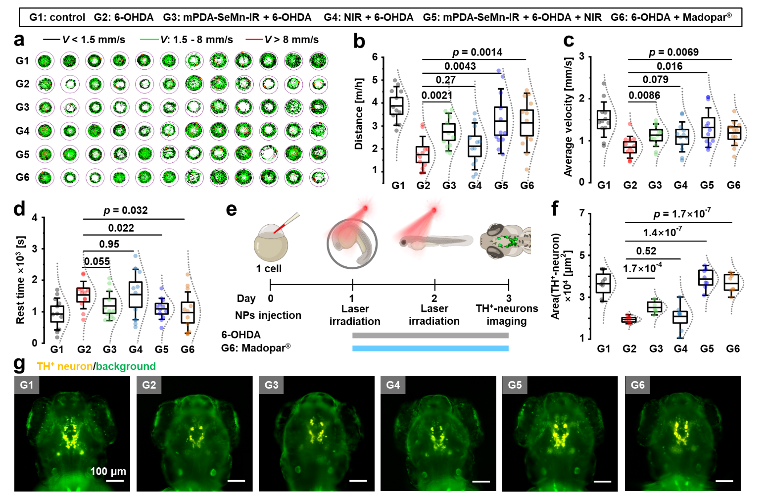 图3. 在斑马鱼帕金森模型中,多酶级联抗氧化与深部脑刺激协同作用显著改善运动行为,并有效保护中脑多巴胺能神经元。
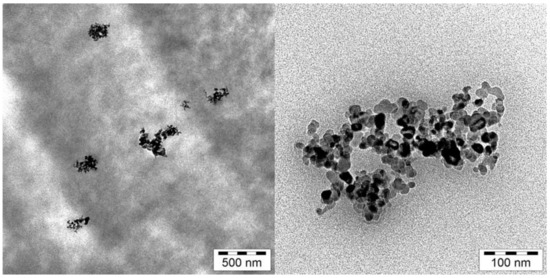 Transmission electron microscopy (TEM) images of an AgNPs-nanocomposite.
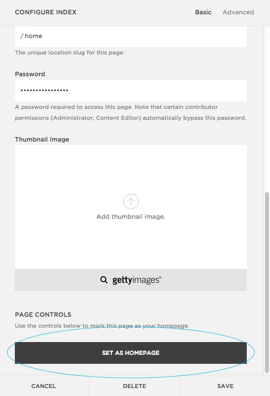 Then, on just the 'Home' page scroll down in the settings and set it as the homepage.
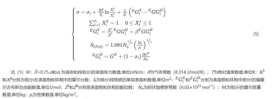 式(5)中:=0.75,σ和σi為溶體和純組分i的表面張力數(shù)值,單位mN/m;R為氣體常數(shù)(8.314 J/mol/K);T為絕對溫度數(shù)值,單位K;XiS和XiB分別為組分i在表面相和體相中的摩爾分?jǐn)?shù);Si為組分i純物質(zhì)的單層表面積數(shù)值,單位m2;分別為表面相和體相中組分i的偏摩爾吉布斯自由能數(shù)值,單位J/mol;ZS和ZB分別是表面相和體相的配位數(shù);No為阿伏伽德羅常數(shù)(6.02×1023 mol-1);Mi為組分i的摩爾質(zhì)量數(shù)值,單位kg;ρi為密度數(shù)值,單位kg/m3。
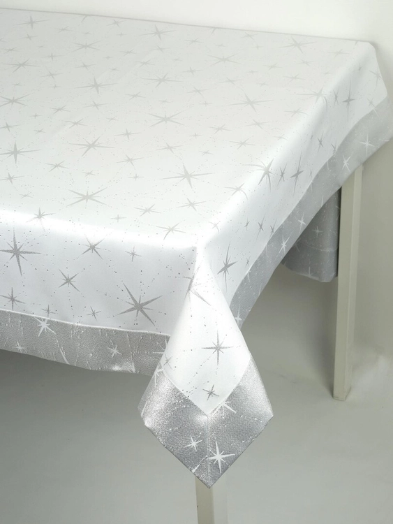 Świąteczny obrus "Gładki" srebrny - ząbek
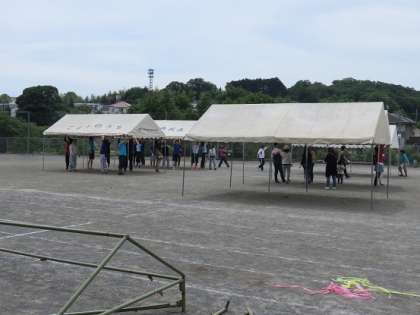 児童用の12張りのテントは、小石拾いや湯殿川沿いの側溝清掃と合わせて、1時間ちょっとの時間で作業を終えることができました。
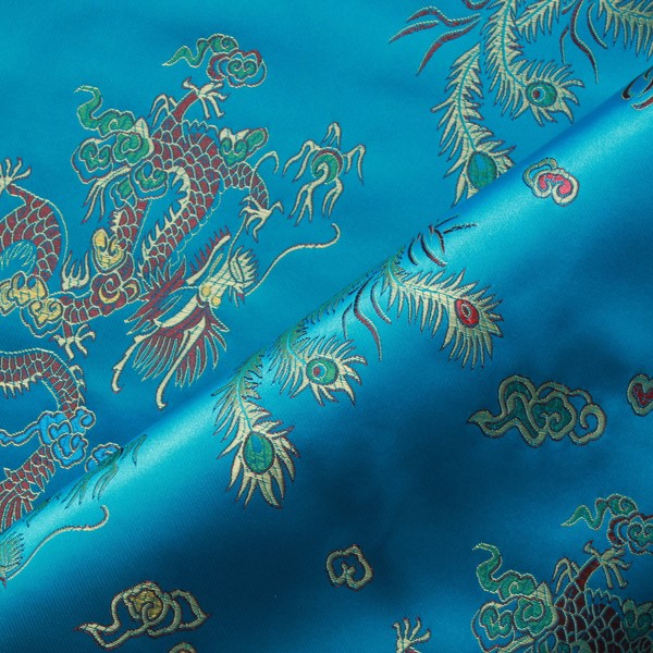 Chinese Embroidered Brocade Fabric 100% Polyester Silky Satin Dragon Floral Prints 44” Wide Various Colours Available (Dragon Turquoise)
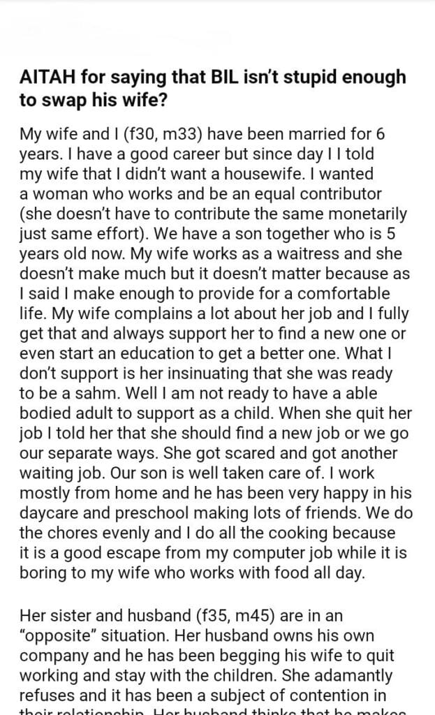AITAH for saying that BIL isn’t enough to swap his wife?
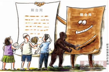 北京昌平舊村改造時承諾的村民新居沒見影兒,土地上卻建成了豪華別墅。在維權(quán)過程中,村民們追查出村委會、開發(fā)商簽訂的“陰陽合同”:公開給村民的“陽合同”中規(guī)定,舊縣村提供給開發(fā)商1820畝土地,收征地補(bǔ)償款6000萬;而交給政府有關(guān)部門備案的“陰合同”規(guī)定,開發(fā)商征用舊縣村土地689.41畝,補(bǔ)償金是1億余元。(《京華時報》8月26日)
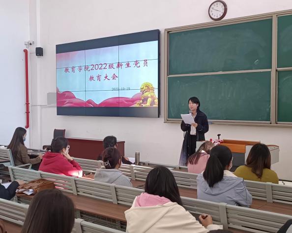 2022年10月19日下午,必赢国际437官网在1教121教室召开新生党员教育大会。学院分管副书记孟向红、2022级全体辅导员以及全体新生党员参加了会议,会议由学生支部书记任若晨主持。
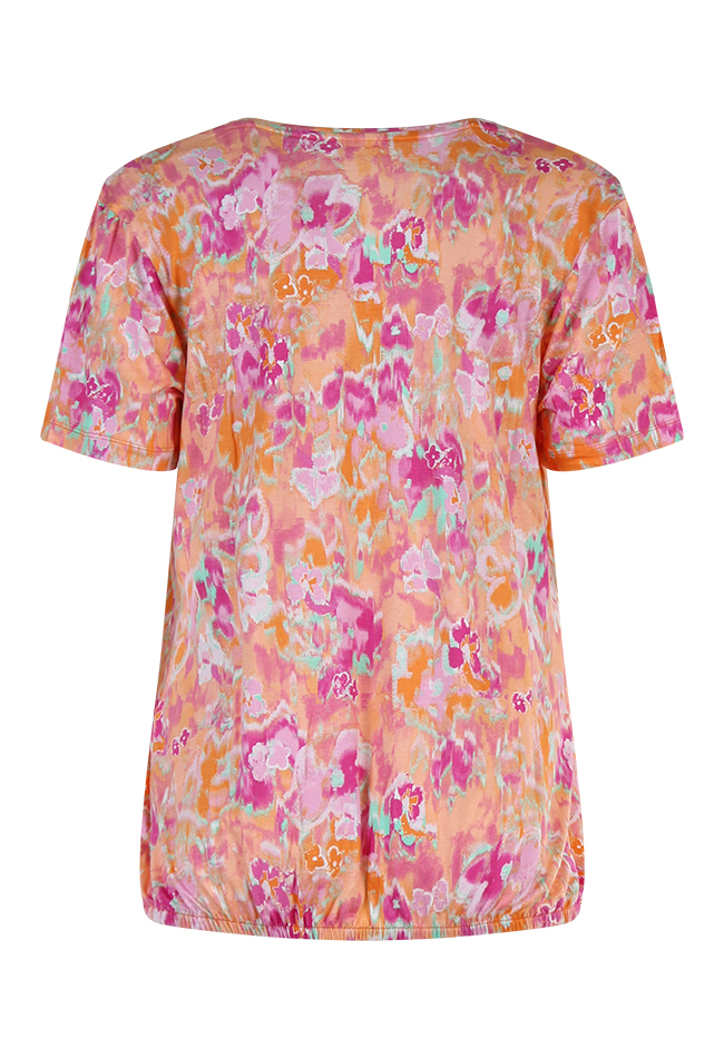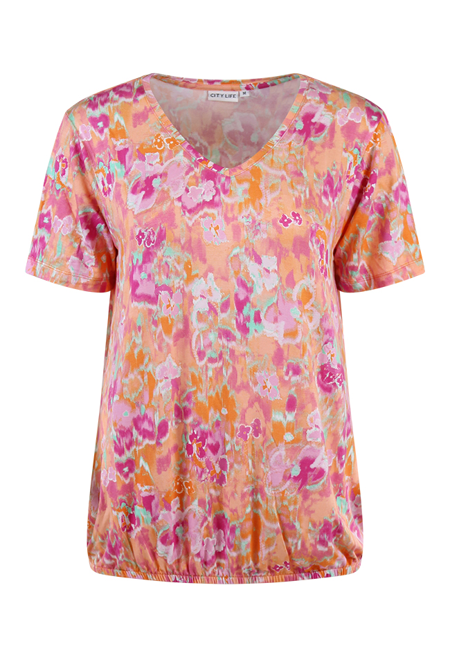 T-shirt met een allover aquarel bloemenprint. Het t-shirt heeft korte mouwen een V-hals en aan de onderkant van het t-shirt zit een elastiek.
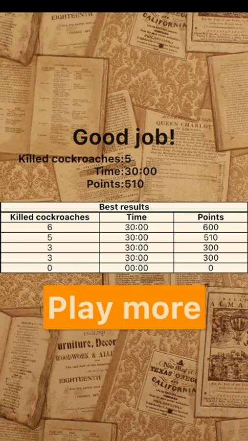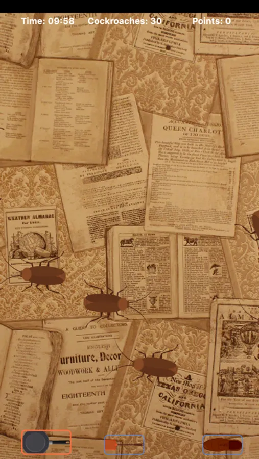 The game is divided into rounds of 30 seconds each. Try to crush as many cockroaches as possible in 30 seconds! In each round, there will be 30 cockroaches that crawl across the screen in an unpredictable manner. You will have one second for each cockroach.
○ ○ ○ ○
**Work required**
Your copy should hold exactly the lines from the one that contains "T-shirt met een" through the final line of the data, both ends included, and no pictures.

**Task result**
 T-shirt met een allover aquarel bloemenprint. Het t-shirt heeft korte mouwen een V-hals en aan de onderkant van het t-shirt zit een elastiek.
 The game is divided into rounds of 30 seconds each. Try to crush as many cockroaches as possible in 30 seconds! In each round, there will be 30 cockroaches that crawl across the screen in an unpredictable manner. You will have one second for each cockroach.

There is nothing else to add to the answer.